私は「挨拶はよろしいが、そのつくり笑顔はやめなさい」と返します。大概の若者はそこで一瞬凍りつくのです。
会社で義務化された笑顔の挨拶をしたのに何故注意を受けるのか? 合点がいかないと言う様子でまさにフリーズしてしまいました。
「君はその一見素晴らしい笑顔を家に戻りご両親にもそう接しているのですか?」
と言う問いに対して、「はい、そうしています」と答える者は皆無です。
企業側がそれを必要と見込み、社員に接客の手法を義務付けることはごく普通に行われていることです。今ではそれがスタンダードになりつつあります。

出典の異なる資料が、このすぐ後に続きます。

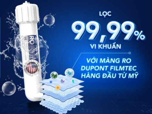 Công nghệ lọc RO còn đem đến hiệu suất lọc cao và cho tỷ lệ thu hồi nước tinh khiết lớn, giảm lượng nước thải, giúp tiết kiệm nước hiệu quả.
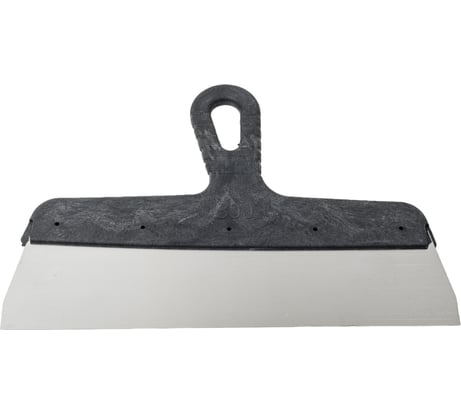 Удобный шпатель для внутренних работ, закупил сразу несколько, так как профессионально занимаюсь ремонтом и стройкой. Шпатель хорошо и равномерно распределяет смесь на стене, в руке комфортно держать, рука не устает, рукоятка не натирает. Сама сталь прочная, не гнется при наборе большого количества смеси.
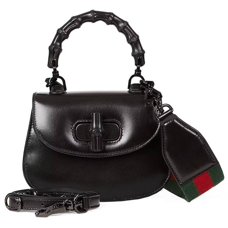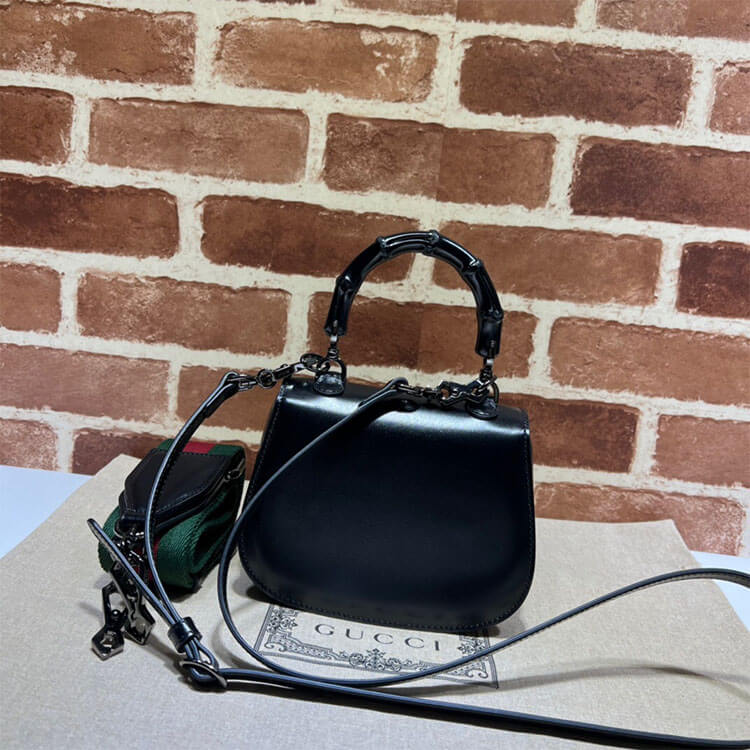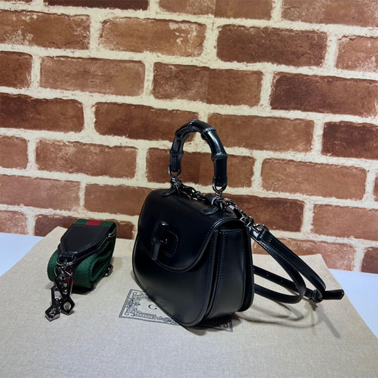 1:1 Mirror Quality Replica Gucci Bamboo 1947 Mini Top Handle Bag Style:686864 10ODP 1060 Black leather Antique gold-toned and bamboo hardware Lining: leather Inside: card holder Handle drop: 3.1″ Detachable strap with 21.7″ drop Mini size: 6.7″W x 4.7″H x 3″D The model is 5’6″ tall
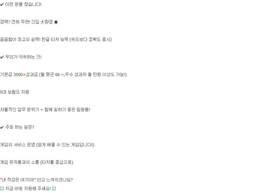 - 1009 今天 17:54 ★경력 무관★ 게임 몰라도 돼요! 당신의 한글 실력을 펼쳐보세요 ★
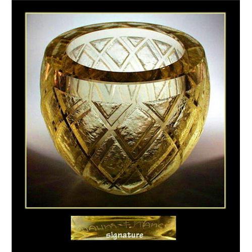 This item is referenced in Le Genie Verrier de l'Europe by Giuseppe Cappa. Daum specialized in acid etched Art Glass. This is a fine example of their work on blown yellow citrine glass diamond shaped losanges are placed in a rotating spiral manner on the surface. Within each diamond 1/3 is smooth and 2/3 is rough produced via repeated acid baths. The smooth and rough sections are in the same location for each sprialing column and inverted in the adjacent column. The separating spiral column lines are clear. The vase is in excellent condition, 5-1/4" high, 6" in diameter, walls are 3/4 inches thick. Signed Daum, Nancy etched along the base. Investment grade antique collectible. Please note that in some cases photo sizes are automatically reduced, so if you want to see full size or detailed pictures, please email us (). Please note that only bids at or over $2200 will be succesfull and meet our reserve....
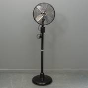 Zwartgelakte stalen ventilator staand op wieltjes, uitvoering Cinni, India -niet getest-, 167 × Ø 44 cm

しかし何故それが必要なのかをきちんと教えることができる上司の数が足りません。そもそもパチンコをしにきているお客さんに笑顔は必要なのか、と言う問いかけから始めるべきです。
会社の規定では笑顔での挨拶は既に決まっている事項ですが、笑顔が何故必要なのかを考えさせないと、また伝えないとその行動に含まれる意義が半減してしまいます。
私の授業は「本音の授業」だと口癖のように言い伝えます。
だから綺麗事はやめてほしい。釘が好きか? 仕事は楽しいか? 会社はどうか? 取り止めのない質問への答えはまさに綺麗事のオンパレードから始まります。それは充分に想定していますから、「それが本音ですか」と意地悪な問いかけを続けるのです。

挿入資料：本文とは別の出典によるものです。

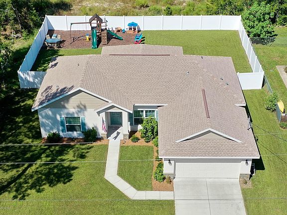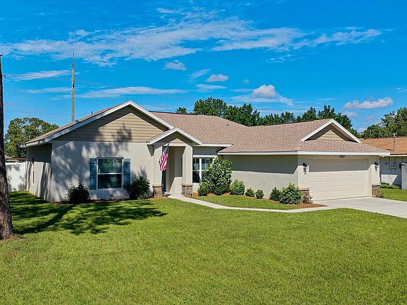 Beautiful curb appeal on this almost new (2018) 3 bedroom, 2 bath, 2 car garage home w/new 6 ft white, vinyl, privacy fence in a convenient location.This mint condition home offers a spacious split bedroom plan w/clean, simple lines offers an open 1600 sf of living space. It's picture perfect inside and out. You'll love the natural light throughout and the minimalists look and ease of the new Levelor roll up shades. Gorgeous modern kitchen with staggered height white upper cabinets with crown tops and stylish granite countertops, double stainless sink and the Frigidaire stainless steel appliances pull it all together nicely. There is corner lazy susan cabinet and a good sized pantry.Spacious inside laundry room with storage shelf . Stylish grey vinyl plank flooring throughout main living area, neutral carpets in bedrooms. A cheerful breakfast nook overlooks the lush, private back yard. You'll be able to enjoy the openness of the kitchen overlooking the great room. Pendant and recessed lighting make for a charming look. There is a 12 x 16 En suite with walk in closet, private commode and handsomely tiled step in shower with glass door. Tall Dual sink white vanity with subway tiles. A linen closet completes the bathroom.12 x 12 secondary bedrooms are equally light & cheerful Second bathroom has tub/shower combination.A sliding glass door opens to a covered lanai & out to a fantastic, lush, fenced yard. No rear neighbors.2 car garage w/service door, garage door opener & overhead storage shelves. Why wait to build when you can have this one just waiting for you.
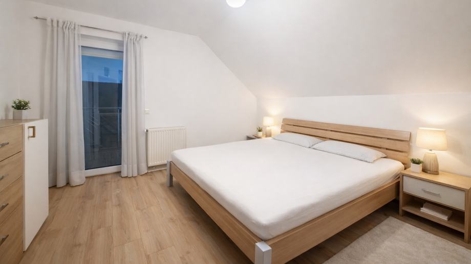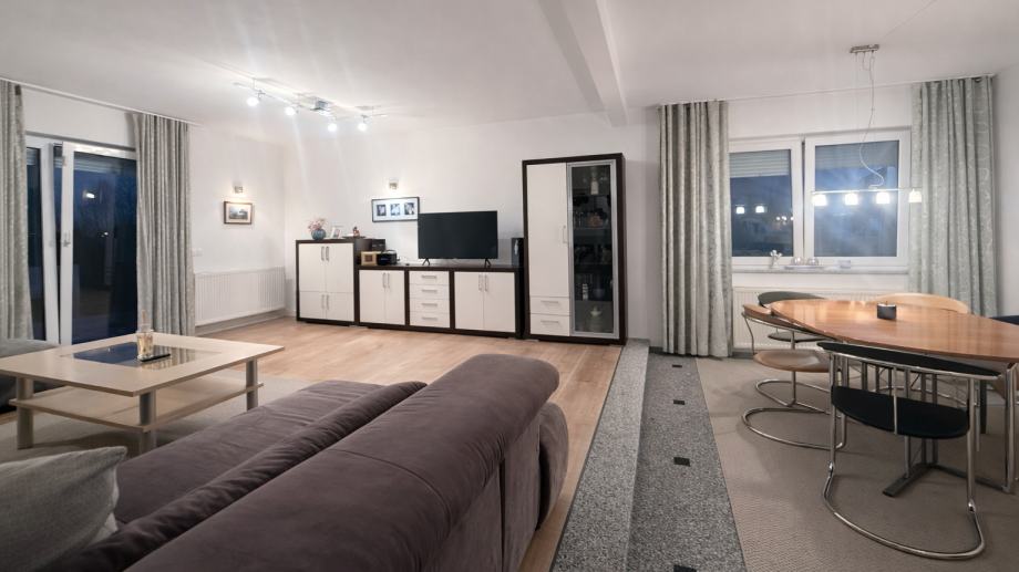 Nekretnina se sastoji od 3 spavaće sobe, prostranog dnevnog boravka povezanog s blagovaonicom i kuhinjom u modernom open-space konceptu, kupaonice te dodatnih funkcionalnih prostorija koje osiguravaju maksimalnu udobnost i praktičnost. Dvije spavaće sobe imaju izlaz na balkon, što dodatno doprinosi osjećaju komfora i privatnosti.
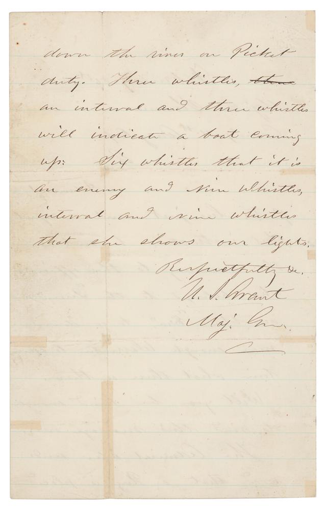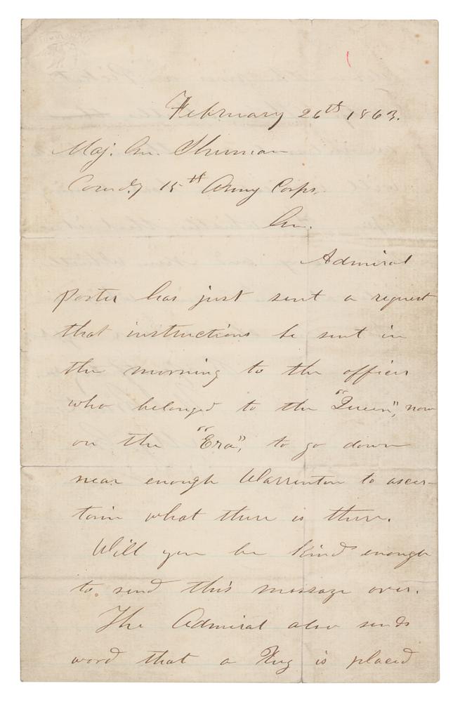 Significant Civil War-dated ALS signed "U. S. Grant, Maj. Gen.," one page both sides, 5 x 8, February 26, 1863. Handwritten letter to "Major General William T. Sherman, Commanding, 15th Army Corps," in full: "Admiral Porter has just sent a request that instructions be sent in the morning to the officers who belonged to the 'Queen,' now on the 'Era,' to go down near enough Warrenton to ascertain what there is there. Will you be kind enough to send this message over. The Admiral also sends word that a Tug is placed down the river on Picket duty. Three whistles, an interval and three whistles will indicate a boat coming up: Six whistles that it is an enemy and Nine Whistles, interval and Nine Whistles that she shows our lights." The reverse of the adjoining leaf is docketed in an unknown hand: "February 26, 1863. Grant, U.S. Maj. Genl. Comd'g. wants an officer on the 'Era' to go to Warrenton & see what is there. A Tug is stationed on Picket duty. Signals agreed on, to be given by the Tug. Copy for Genls. Steele & Stuart." Sherman has added a handwritten endorsement beneath: "I made orders for Col. Wood & Sent the Infor along. Sherman." In very good to fine condition, with light soiling, and tiny old archival repairs to the multiple intersecting folds.
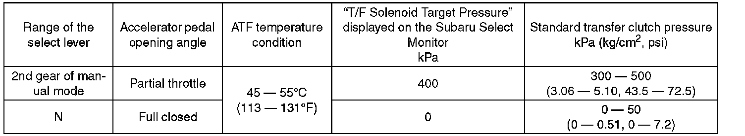 ^ Adjust the accelerator pedal opening angle in order to obtain the "T/F solenoid target pressure" displayed on the Subaru Select Monitor.
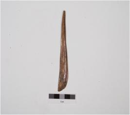 | Description / विवरण | A point made of bone, pointed at one end, flat and well polished surface. |
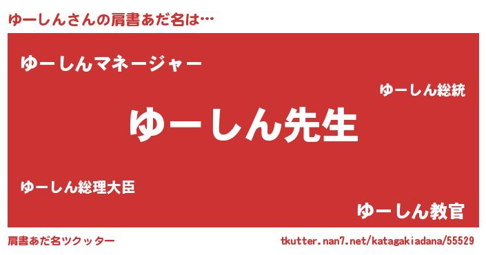 | 男性向けラノベタイトル風あだ名 | 『ゆーしんという概念が存在しない退屈な世界 』 |

本音であるはずがありません。みんなきちんとした社会人を気取って仕事をしているわけですから、常識を覆すような答えを言ってはいけないと自然に思っています。まずそこに問題があるのです。
企業がこのように上辺だけの躾をして社員が何も考えずにそれを順守する。それが顧客にとって有益であれば何も問題はないのですが、さほどでもない場合根本的に見直さなければなりません。何せその教育には莫大な時間とお金、つまり会社の資源を注ぎ込んでいるわけですから、増収増益を果たすと言う観点からすれば大問題だと捉えるべきでしょう。
では何故笑顔が良いのか、です。
それは店で取り扱う商品を顧客に使っていただく際、または購入していただく際に仏頂面より笑顔の方が単純に良いからだと私は解釈します。
ケーキ屋さんの販売員さんもパチンコホールの店員さんも同じです。「ものをつくる人」と「ものを買う人」をつなぐ役目を担う「ものを売る人」。だから皆さんの存在が、笑顔が必要なのです、と「ものをつくる人」がその意味を伝えず笑顔というやり方だけを押し付けるのはナンセンスです。
最後に「一生懸命良いものを作ったから皆さんも一生懸命売ってください。よろしくお願いします」と伝えれば尚のことよろしいのではないでしょうか。